These are the key concepts you need to understand to accurately answer the question.

Partial Derivative
A partial derivative is a basic concept in calculus used to find the rate at which a function changes with respect to one of its variables, while keeping the other variables constant.
This is particularly useful in functions of multiple variables, such as two-variable functions like the one in our exercise: \( f(x, y) = 20 - x^2 - y^2 \).
In this scenario, when we compute the partial derivative with respect to \( x \), denoted as \( \frac{\partial f}{\partial x} \), we're assessing how \( f \) changes when only \( x \) changes.
Similarly, \( \frac{\partial f}{\partial y} \) tells us how \( f \) changes with changes in \( y \).

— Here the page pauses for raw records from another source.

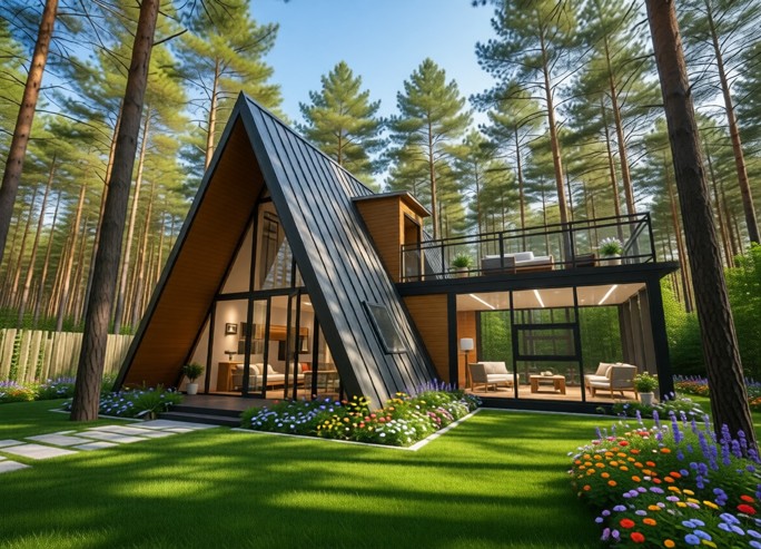 Дом А-фрейм из металлического каркаса — это каркасное строение в форме буквы «А», где двускатная крыша заменяет стены, доходя почти до фундамента. Такие дома привлекают внимание оригинальным дизайном, быстротой возведения и возможностью создания уникального интерьера.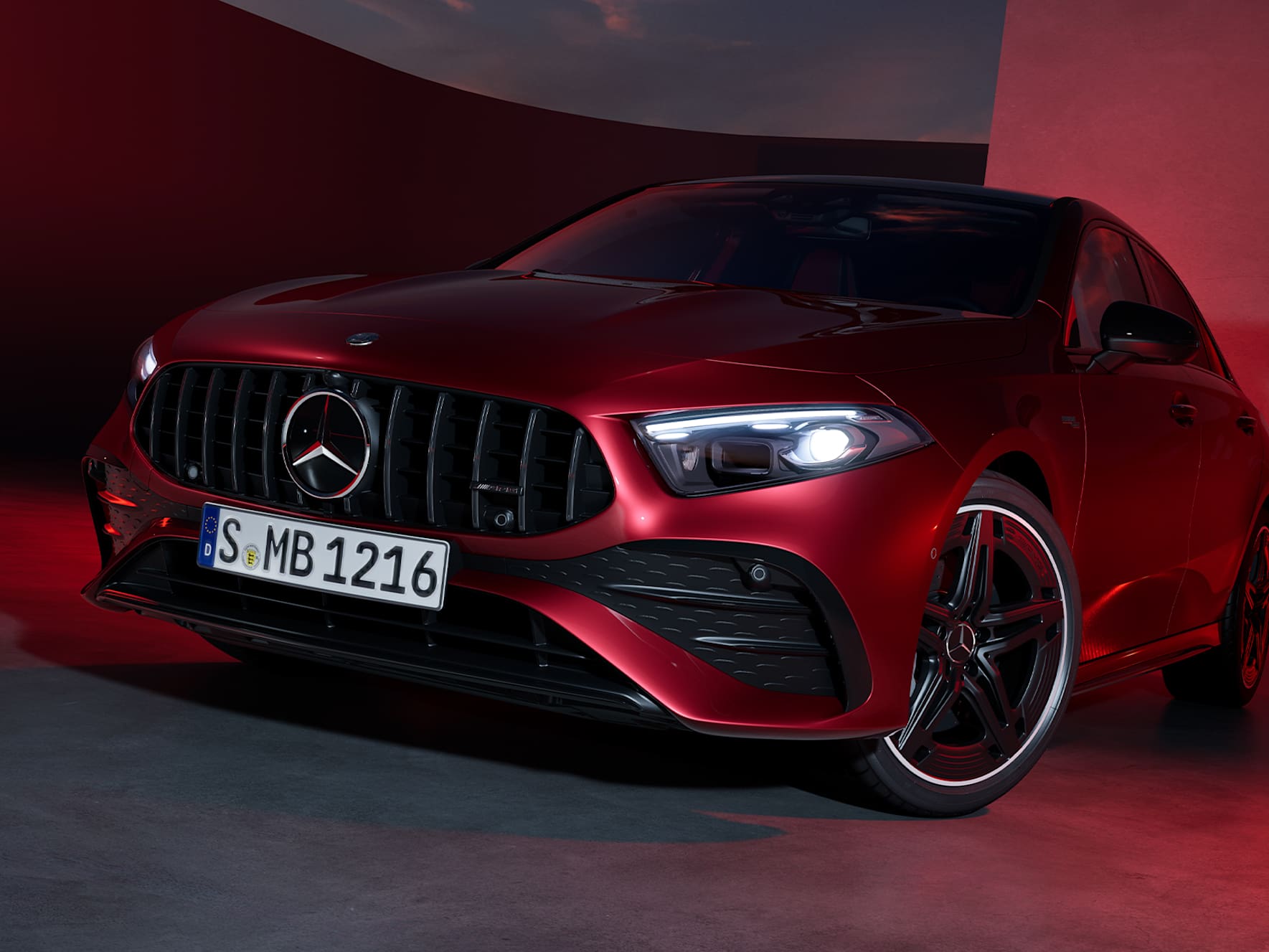 AMG Mercedes-AMG A 35 4MATIC Новий Mercedes-AMG A 35 4MATIC як класичний спортивний седан повертає нас до витоків та історичного ядра бренду Mercedes-AMG. Завдяки компактним габаритам, динамічним пропорціям і коротким звісам, ця модель пропонує комфортний простір для пасажирів і багажу. Виразна передня частина вирізняється специфічною для AMG радіаторною решіткою з вертикальними стійками і демонструє чітку схильність до динамічного руху, характерного для бренду.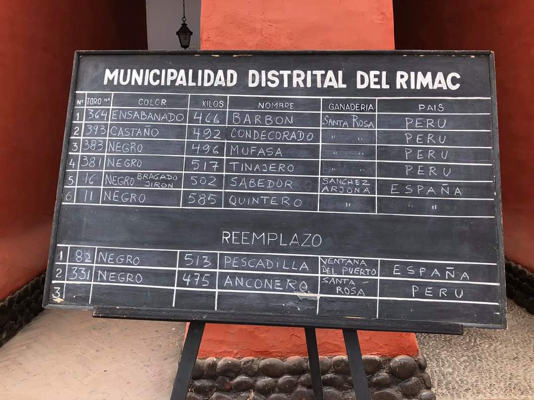 Cuatro ejemplares de la divisa peruana de Santa Rosa de Lima y dos de la ganadería española de Sánchez Arjona han sido sorteados y enchiquerados para la segunda corrida de toros de la Feria del Señor de los Milagros de Lima que se celebrará este domingo, 10 de noviembre. Frente a ellos, estarán los diestros Miguel Ángel Perera, el lorquino Paco Ureña y Joaquín Galdós.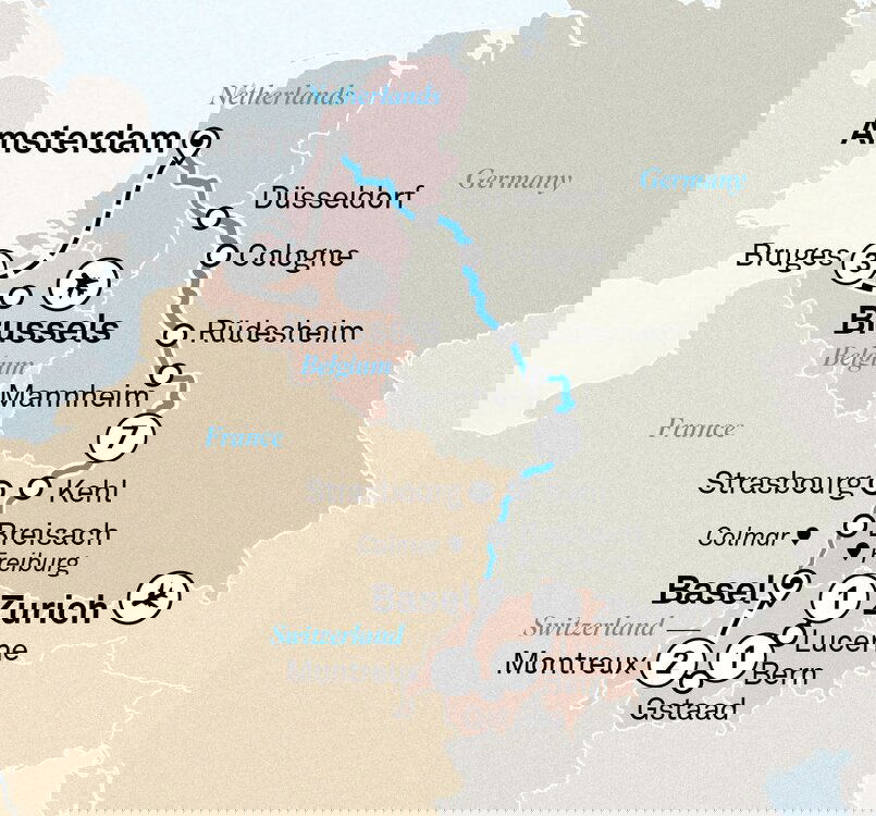 This morning you will wake up in the city of Kehl, the gateway to Strasbourg. Strasbourg is located on the border of France and Germany, making it a unique mixture of both French and German architecture and culture.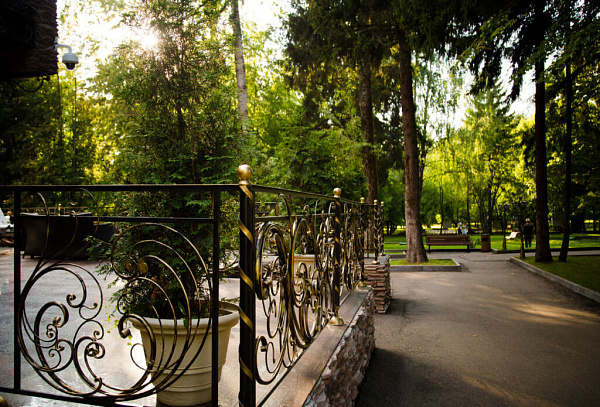 Комплекс занимает просторную территорию с благоустроенными дорожками, местами для прогулок, спортивными площадками и зонами отдыха. Архитектурный стиль отеля сочетает в себе современный дизайн и комфорт, создавая уютную атмосферу. Особенностью парк-отеля является концепция «Всё включено», позволяющая гостям наслаждаться отдыхом, не беспокоясь о дополнительных расходах.

These derivatives essentially provide a snapshot of the 'slope' or 'gradient' of the function at a particular point along the \( x \)-axis and \( y \)-axis.
This information is vital in understanding the behavior of multivariable functions and helps us plot the landscape of this function over a coordinate plane.
Unit Vector
A unit vector is a vector with a magnitude of 1 that points in a specific direction.
To form a unit vector, you take a vector and divide it by its magnitude or length.
In our exercise, we needed a unit vector to represent the direction in which the function \( f \) decreases most rapidly.
This direction is opposite to the direction of the gradient vector, which is \( (2, 6) \) for this exercise.
So, we took the opposite vector, \((-2, -6)\), and converted it into a unit vector.

Here’s how it’s done:
  • Calculate the magnitude of the vector \((-2, -6)\).
  • Divide each component of the vector by its magnitude.
The result is a unit vector \( \left(\frac{-1}{\sqrt{10}}, \frac{-3}{\sqrt{10}}\right) \).
This unit vector preserves the direction of \((-2, -6)\) but with a length of 1, making computations simpler without altering the direction.
Rate of Change
The rate of change is a mathematical concept that describes how one quantity changes in relation to another.
This is critical when examining how a multivariable function behaves as its inputs change.
In the context of this exercise, the rate of change of the function \( f \) at point \( P \) in the direction of the steepest decrease is akin to finding how fast \( f \) is decreasing.

When calculating the rate of change for the steepest direction of decrease, we use the formula for the dot product between the gradient vector and the unit direction vector:
  • The dot product gives a scalar that represents the magnitude of the rate of change in that direction.
  • For this exercise, it gives us \( -2\sqrt{10} \), indicating not only the direction but also how rapidly the function \( f \) descends.
This value is particularly useful in optimization problems, where understanding how fast things are changing can help steer towards optimal solutions.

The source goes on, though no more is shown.